Share

Bab 6

Author: Sahira
"Karena melihat kamu membela apa yang benar dengan berani."

"Aku langsung mengenali Kakak begitu melihat Kakak," sela Andreas sambil mengemudi. "Jadi, aku memberi tahu pamanku dan dia berinisiatif membantu Kakak. Pamanku itu paling nggak suka berutang pada orang lain."

"Ya, 'kan, Paman?"

Nathan hanya diam.

Andreas pikir tebakannya benar, dia pun mengangkat alisnya dengan bangga. "Orang bilang yang namanya keberuntungan dan kemalangan itu selalu berdampingan. Akhirnya hari ini aku melihat hal itu terjadi.
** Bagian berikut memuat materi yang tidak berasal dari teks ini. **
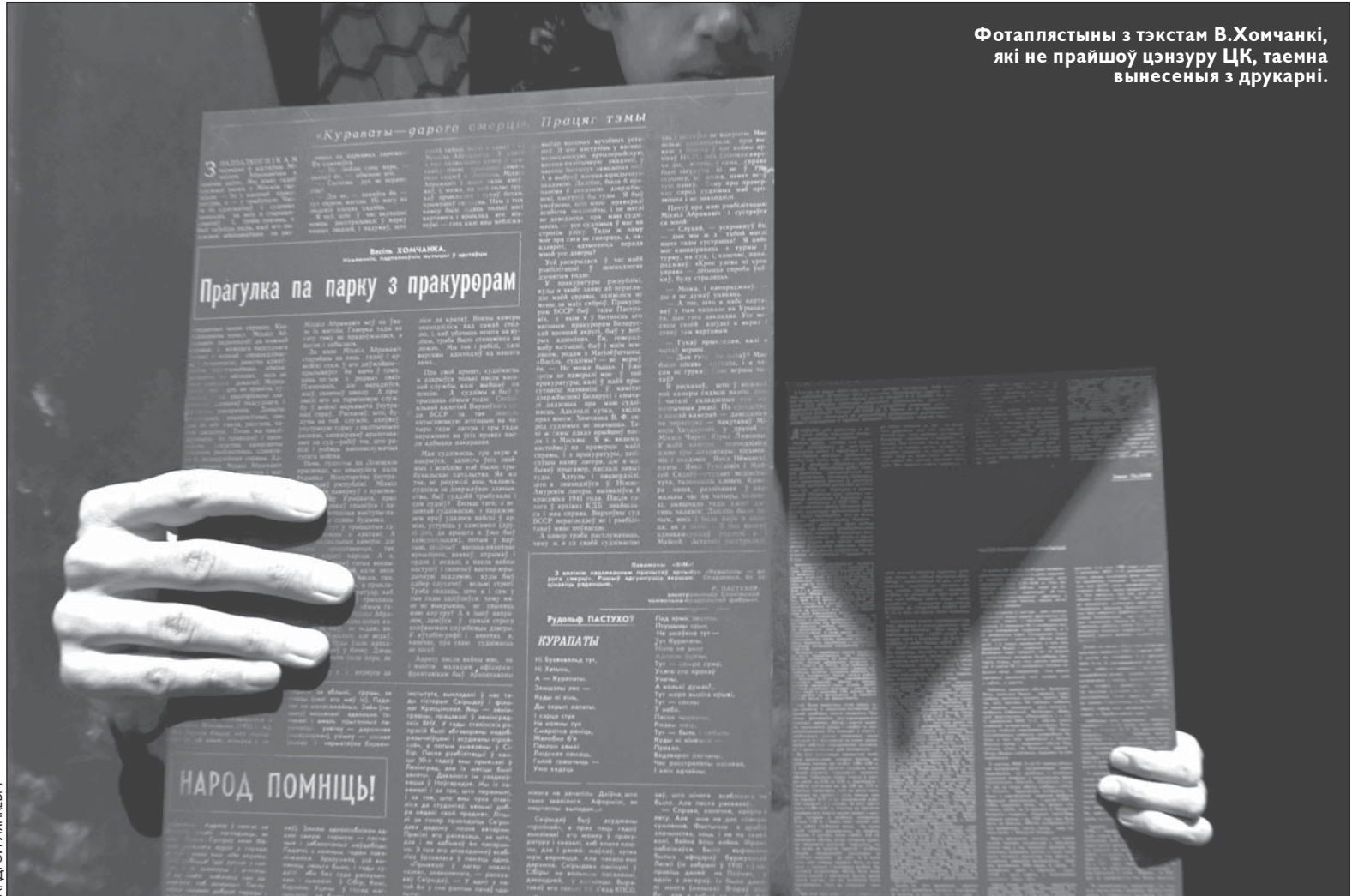
Фоталістыны з тэкстам В.Хомчанкі, які не прайшоў цензуру ЦК, таемна вынесены з друкарні.

Ternyata walaupun Kakak malang karena kami tabrak dari belakang, hari ini justru Kakak beruntung karena hal itu!"

"Kamu yang salah karena menyetir ugal-ugalan, tapi kamu masih cari alasan?" tegur Nathan dengan kesal.

Andreas pun terkekeh dengan kikuk. "Aku 'kan cuma mau menghibur kakak satu ini? Setelah mengalami hal seperti tadi, suasana hatinya pasti nggak enak banget, 'kan?"

"Aku nggak apa-apa kok," jawab Alyana sambil tersenyum. "Tapi, ucapanmu memang benar."

Keberuntungan dan kemalangan memang seiring sejalan.

Walaupun Alyana sakit, dia jadi bisa melihat banyak orang dan hal dengan jelas.

Setelah sekian tahun hidup di dunia ini, Alyana justru paling merasa santai di hari ini.

Mulai sekarang, dia bukan lagi tunangan Harison ataupun putri dari Keluarga Imano. Dia adalah dirinya sendiri.

Satu-satunya yang Alyana sayangkan hanyalah sisa hidupnya yang tinggal sebentar lagi.

Alyana pun menarik napas dalam-dalam. Sudahlah, lebih baik dia jalani hari demi harinya saja.

Sesampainya di kaki gedung apartemen, Alyana kembali berterima kasih dengan tulus, "Terima kasih sudah mengantarku pulang. Tabrakan dari belakang itu kecelakaan, lukaku nggak parah kok. Kalian nggak usah khawatir lagi."

Setelah berkata seperti itu, Alyana pun melangkah keluar dari mobil.

Andreas menatap sosok Alyana yang berjalan pergi, lalu menghela napas dengan berat. "Padahal kakak itu terlihat sehat-sehat saja, kok bisa-bisanya mengidap penyakit yang mematikan seperti itu?"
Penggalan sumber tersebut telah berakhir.